I normally stay away from comment boards for reasons anyone who doesn’t enjoy a headlong plunge down a manhole will understand. But a story about cookies, one that mentions Adventurefuls, the new “brownie-inspired cookies with caramel flavored crème and a hint of sea salt” seemed like a low-stakes issue. (I was a Girl Scout once. I never earned a merit badge and quit owing 20¢ in dues. I shudder to think how much interest has accrued.) So I looked at the comments, curious to read some lighthearted reminiscences.

When the first few seemed to equate Girl Scout cookies with crimes against humanity, I was intrigued, lured as always by the siren song of absurdity accompanied by a chorus of achingly earnest concern.

There were comments about sexism, racism, exploitation of minors, virulent consumerism, and environmental catastrophe. I enjoyed the ones that complained the cookies didn’t taste right and there were fewer in a box, apparently unhappy they weren’t provided more lousy cookies to hate-eat. Many mentioned the use of high fructose corn syrup in parallel with these concerns. (That assertion, at least, is untrue.) So I was primed to find that annoying when I read this:

I stopped buying Girl Scout cookies when they started using questionable ingredients like high fructose corn syrup and palm oil, the impacts of which are counter to the spirit of scouting, as I understand it. Palm oil, in particular, is the product of deforestation and threatens species like orangutans. As cheap as it is, I imagine the importation of it would be tied up at some of these ports and I’m not losing sleep over this type of supply chain issue.

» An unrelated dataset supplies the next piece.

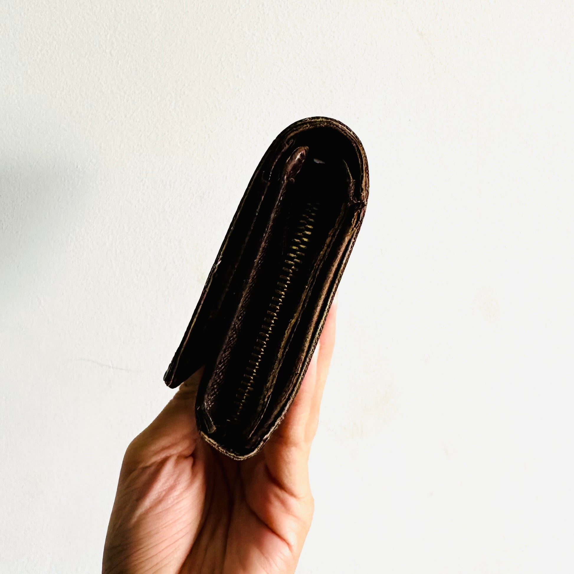 This has a flap button closure, zip coin purse, notes compartment and slip pockets. This measures 14x9x3cm. This comes with clearly engraved hardware, interior stamping and date code.
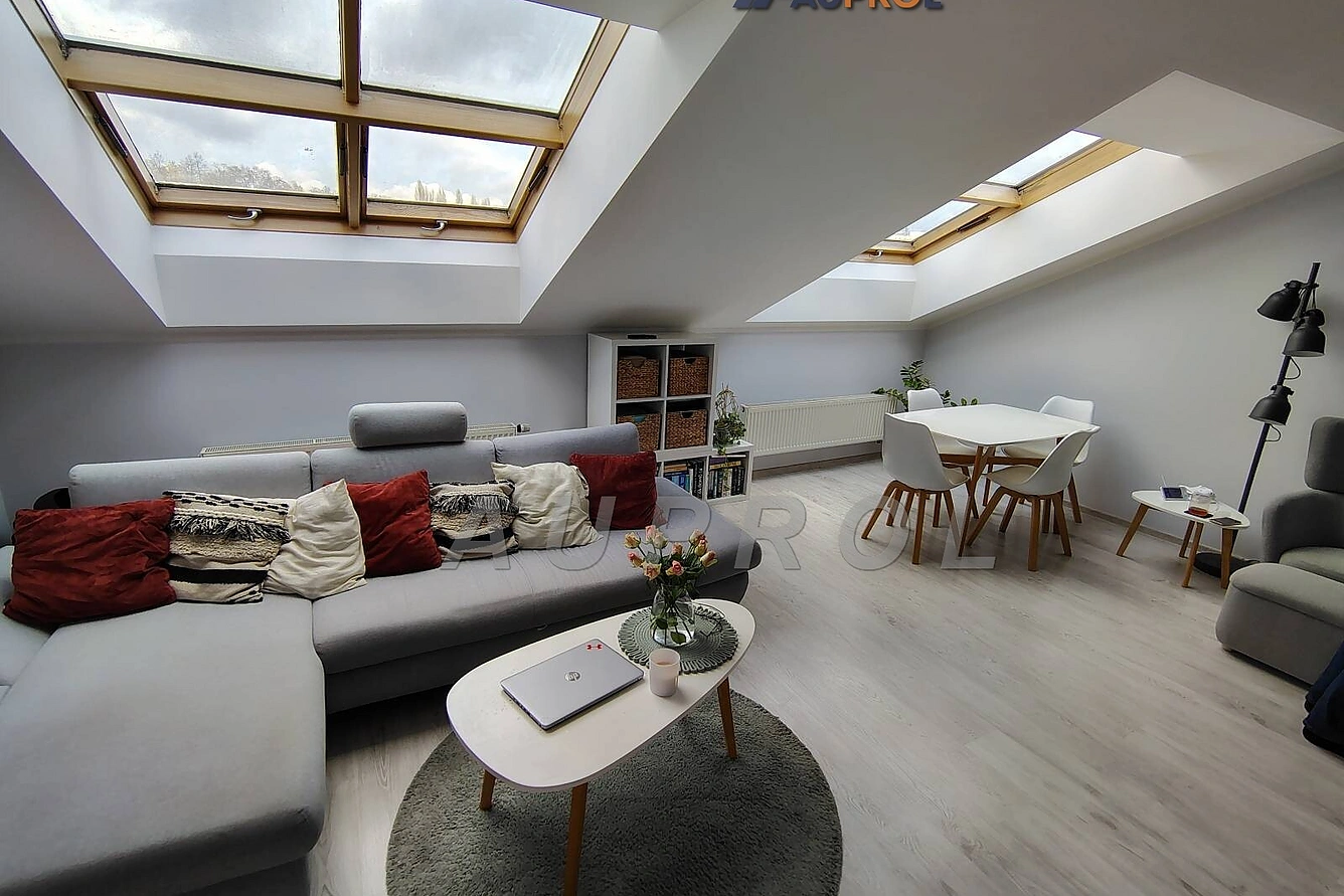 INTERIÉR – krásný světlý prostorný podkrovní byt zakoupený od developera 2013, udržovaný, nepoškozený, není potřeba žádné rekonstrukce - vše je nové a plně funkční ( novostavba ) vč. nových rozvodů el. a vody, orientace SV/JZ, střešní okna s kvalitním těsněním, plovoucí podlahy a dlažba, v bytě je klimatizace, předsíň – samost. WC s umyvadlem, plynový kotel a el. bojler, vestav. skříně na míru s prostorem na pračku, kuch. kout – sklokeram. deska, trouba, myčka, lednice s mrazákem, velký obývák 32 m2, ložnice s vestav. skříní ústí do koupelny s vanou a WC, předsíň vede k balkonu s pěkným výhledem na historické střechy města

These cookies aren’t about supporting Girl Scouts, but industries and interests behind it.

I responded:

Palm oil, yes. This needs to be phased out of everything. But it is difficult to engineer the same texture and flavors without it. That’s not an excuse but these cookies are like Proust’s madeleine. They take us back to our youth and we expect them to taste the same.

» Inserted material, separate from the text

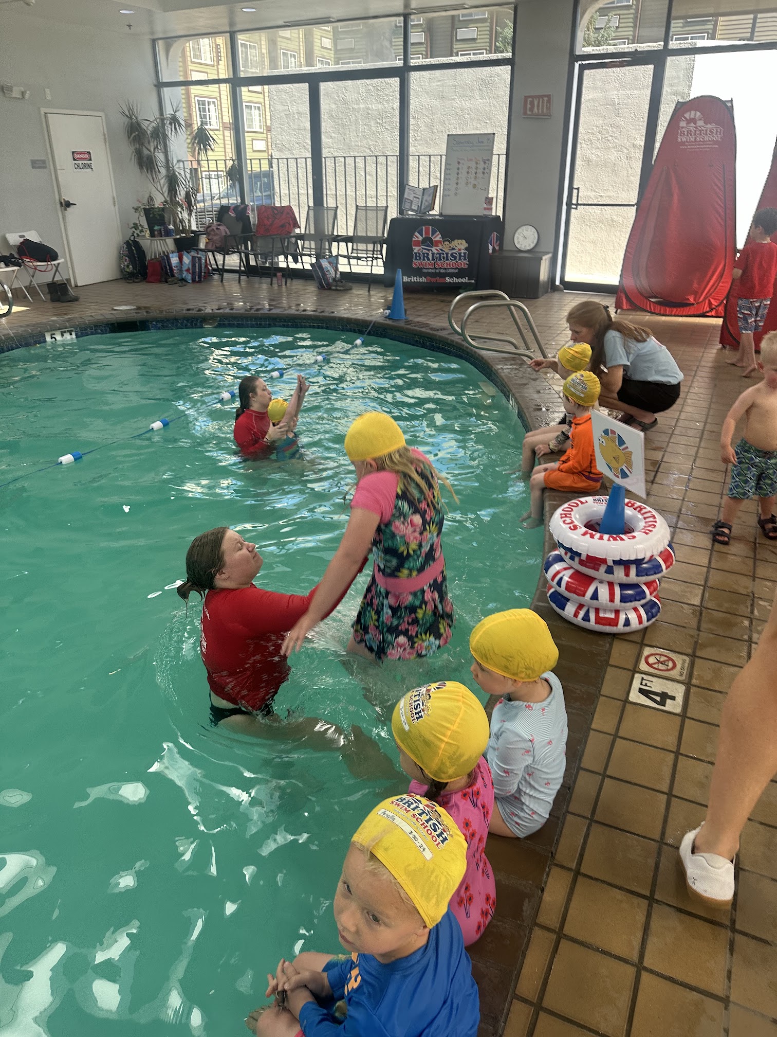 The indoor pool at this location is heated and typically maintained within a comfortable range of 84-86 degrees Fahrenheit, consistent with British Swim School standards for ideal learning conditions, especially for young children.
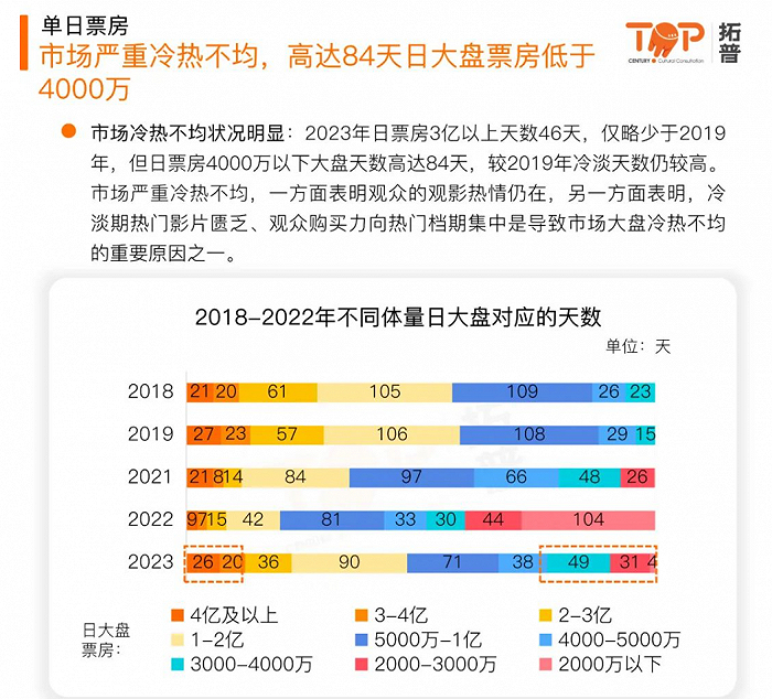 据拓普数据显示,2023年日票房3亿以上天数46天,略少于2019年,但日票房4000万以下大盘天数高达84天。全年最低日票房1692万,相较于2019年的3231万有较大距离。观众热情仍在,但主要集中在档期热门电影。

But they no longer contain high fructose corn syrup. Of course, it’s easy to hack the sugar shown in the ingredients by listing it in its individual forms to keep the blanket term “sugar” from being one of the first three ingredients.

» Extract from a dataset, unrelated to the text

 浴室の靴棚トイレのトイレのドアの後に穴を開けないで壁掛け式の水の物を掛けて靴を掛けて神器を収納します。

And, for the love of Pete, of course, the makers and importers profit from it. Some of the profits do benefit the Girl Scouts organization, though. Everything we touch, wear, watch, eat, and drive benefits some corporate fat cats somewhere. That doesn’t make it right but we have to choose which things we rail against, don’t we? Otherwise, we’d be rocking in a corner, unable to do anything because of its potential butterfly effect.

I have to decide what I’m going to focus on and realize that my choices have consequences. And, consequently, I’ve spent the last ten minutes writing about how cookies are not going to make my list of corporate greed-head evils. So shame on me, I guess.

Now I’m going to go buy cookies from the Girl Scouts of Greater NY’s Troop 6000, which serves the NYC shelter system. I found it through a link on

Reading this again just now, I can see how mild the original comment was. I am reminded once again of why I should avoid comment sections; I can huff up so much fake outrage that I get high on it and fancy myself a balancing force of sarcasm.

I did place an order. The Thin Mints and Do-Si-Dos are just as I remember them. The Samoas were a disappointment only because Keebler makes a superior (alleged) dupe I’ve been eating for years. The Adventurefuls have “sugar” as the main ingredient and just don’t taste great, in my opinion. And, yes, I still ate the whole box.

Happy National Girl Scout Cookie Day!